Retype word for word the first line of the listing and each line after it up to the line with "Mavi-lacivertlilerin ev sahipliğinde", with the pictures taken out.
*** SUPPLIED DATA ***
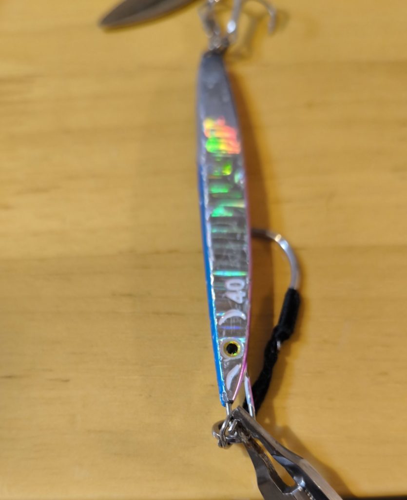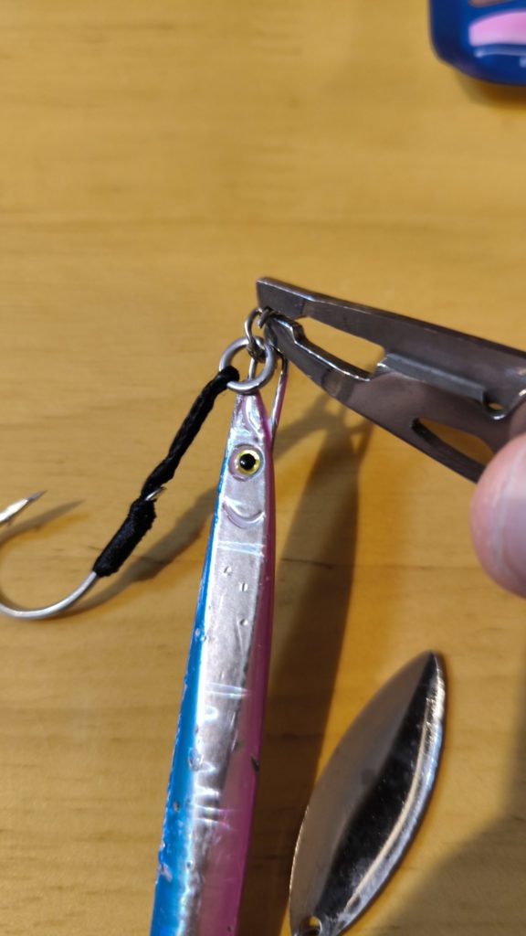 先端が太めで、大型メタルジグ(40gなど)のスプリットリング交換にちょうどいい。
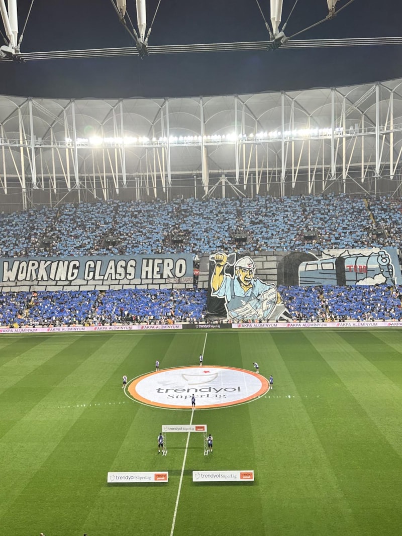Mavi-lacivertlilerin ev sahipliğinde Yeni Adana Stadyumu'nda oynanan müsabakanın öncesinde taraftarlar büyüleyici görüntülere imza attı.
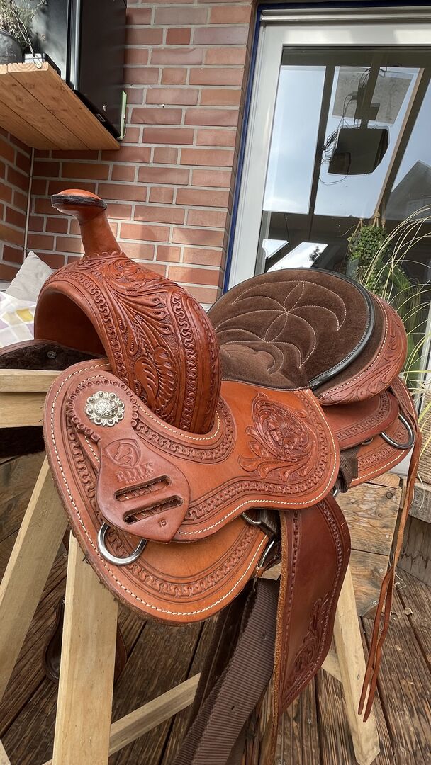 Bezdrzewne siodło westernowe - Sprzedaję moje westernowe siodło "Oakley" marki Edix. Siodło ma 16 siedzisk. Szczególną cechą tego siodła jest to, że jest bezdrzewne i dlatego można je dostosować do grzbietu każdego konia. Jest również znacznie lżejsze niż zwykłe siodło westernowe.
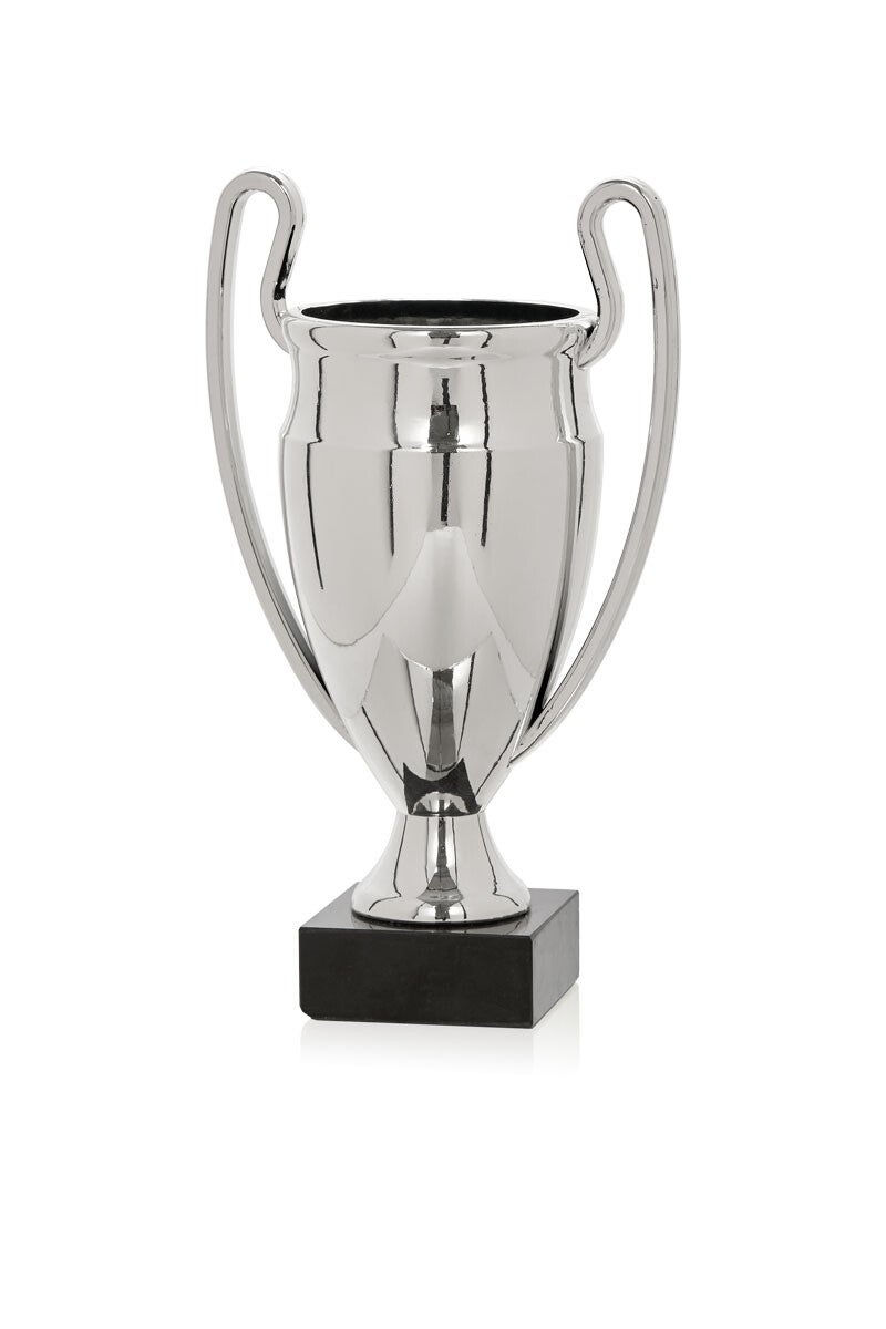 Copa con asas en ABS metalizado y base de mármol.
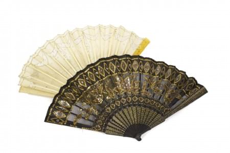 A décor de drapés et motifs floraux, bois, corne et tissu, H 21...
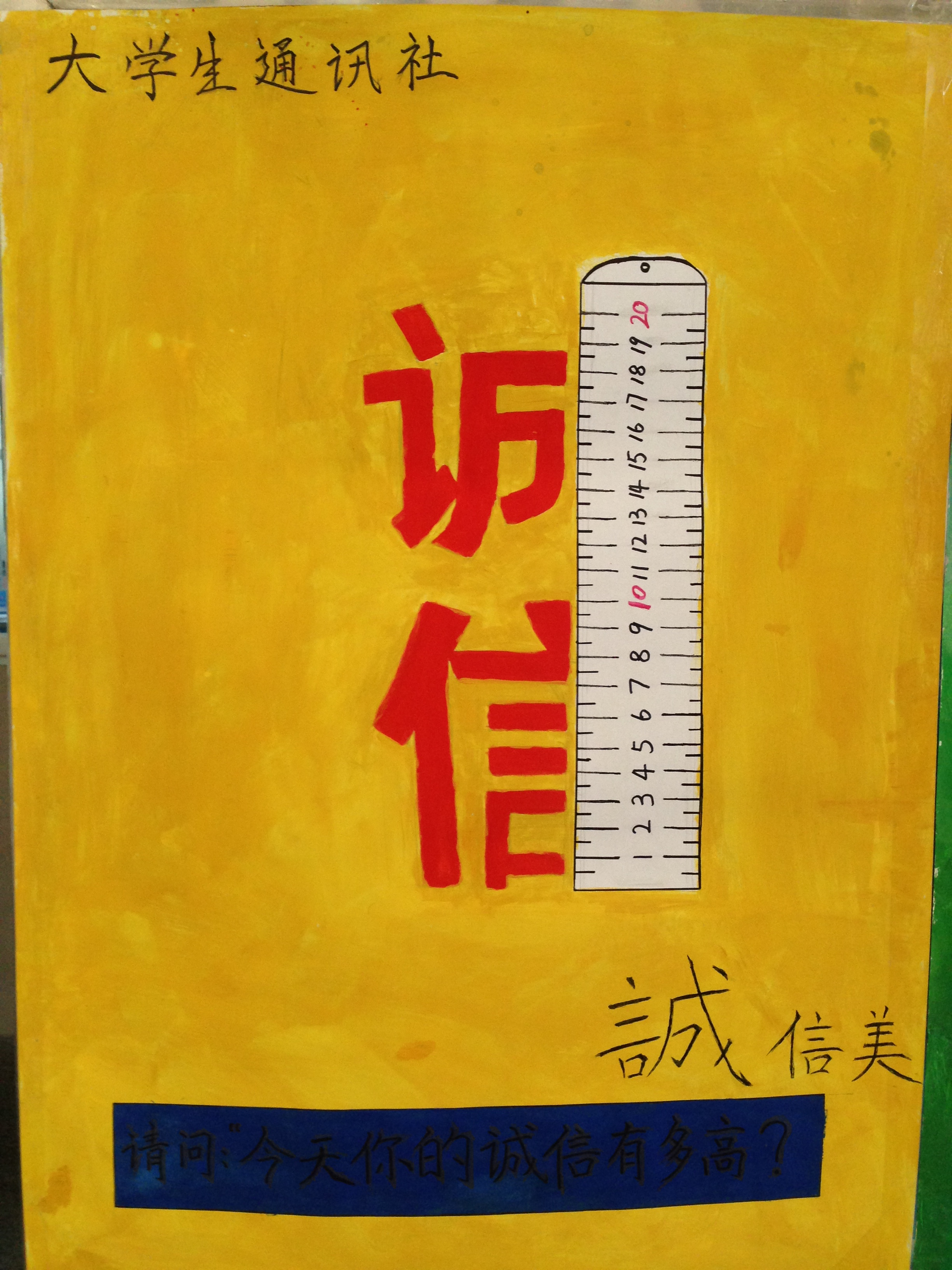 本次诚信主题教育活动分为诚信主题海报展、诚信微接龙、毕业生生源地贷款诚信还贷培训三个部分。在海报展活动中,各系和校级组织集思广益,用创意和色彩描绘出我校大学生心中的诚信分量。如:印刷与包装工程系用传统的红色剪纸刻画出“言必诚信、行必忠正”的誓言,校社联以大大的指纹按出“诚信”力量,除此之外,还通过各系微信平台专门推出了倡导诚信的主题文章,以微接龙的形式在同学们中间传阅。在2017届毕业生返校之际,学生资助管理中心还组织生源地贷款的全体毕业生进行了还贷专题培训,教育引导毕业生按时还贷,维护好个人良好征信。
*** End of SUPPLIED DATA ***
* **COMPLETED EXERCISE**:
 先端が太めで、大型メタルジグ(40gなど)のスプリットリング交換にちょうどいい。
Mavi-lacivertlilerin ev sahipliğinde Yeni Adana Stadyumu'nda oynanan müsabakanın öncesinde taraftarlar büyüleyici görüntülere imza attı.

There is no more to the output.